Can confirm that using absolute path fixes the issue.
Hey @Dj-Polyester, we made this change in Ray 2.7 when simplifying the Ray Train/Tune storage backend to only use pyarrow
with as few "layers" on top as possible. So, this storage_path
gets fed directly into a pyarrow.fs.FileSystem
, without extra checks -- and the pyarrow API doesn't allow for a relative path by itself.
I am thinking of this solution: Documentation change PLUS raising a better exception telling you to call Path(...).resolve()
before passing it into storage_path
.
The main issue with auto-resolving relative paths into absolute paths is that the behavior on workers is a little ambiguous:
- The current working directory between workers may be different from the process that you launch the training job from. (For example, Ray Tune will change your worker cwd to the trial directory by default.)

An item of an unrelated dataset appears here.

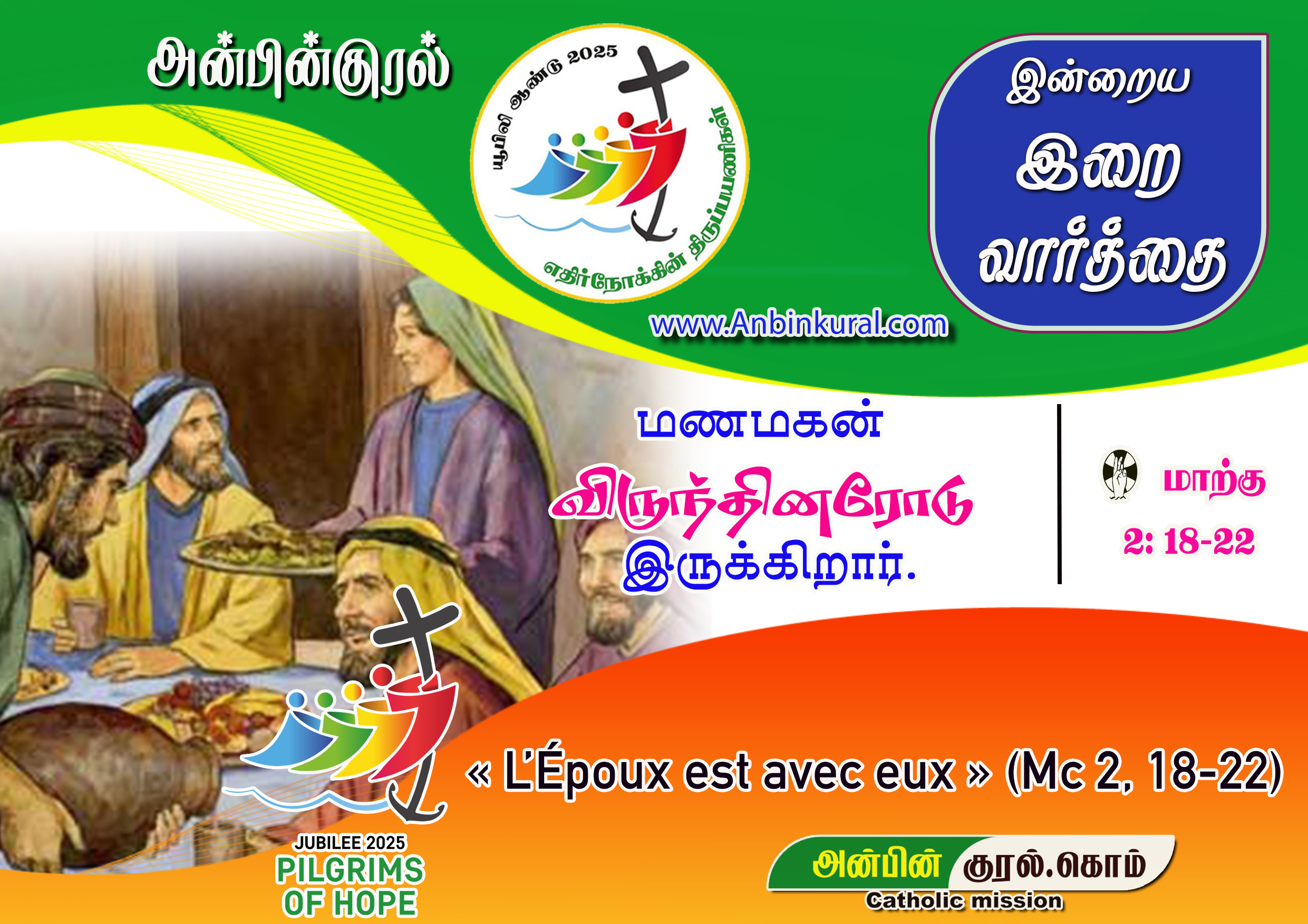 ✠ மாற்கு எழுதிய தூய நற்செய்தியிலிருந்து வாசகம் 2: 18-22

- In this case, if the user storage path is
"./relpath"
, then it's unclear whether you should use{driver_cwd}/relpath
or{worker_cwd}/relpath
as the result/checkpoint destination.
What do you think?
@justinvyu I completely agree to the issues that can arise from trying to over-engineer the automatic resolution of relative path into absolute path, given the distributed nature of the task. I would suggest that, instead, it'd be better to just detect that a relative path was passed by a user, and to print a meaningful error message asking the user to pass in the absolute path instead. Besides, in most cases, getting the absolute path isn't that difficult of a thing to do either (pwd
).
What do you think?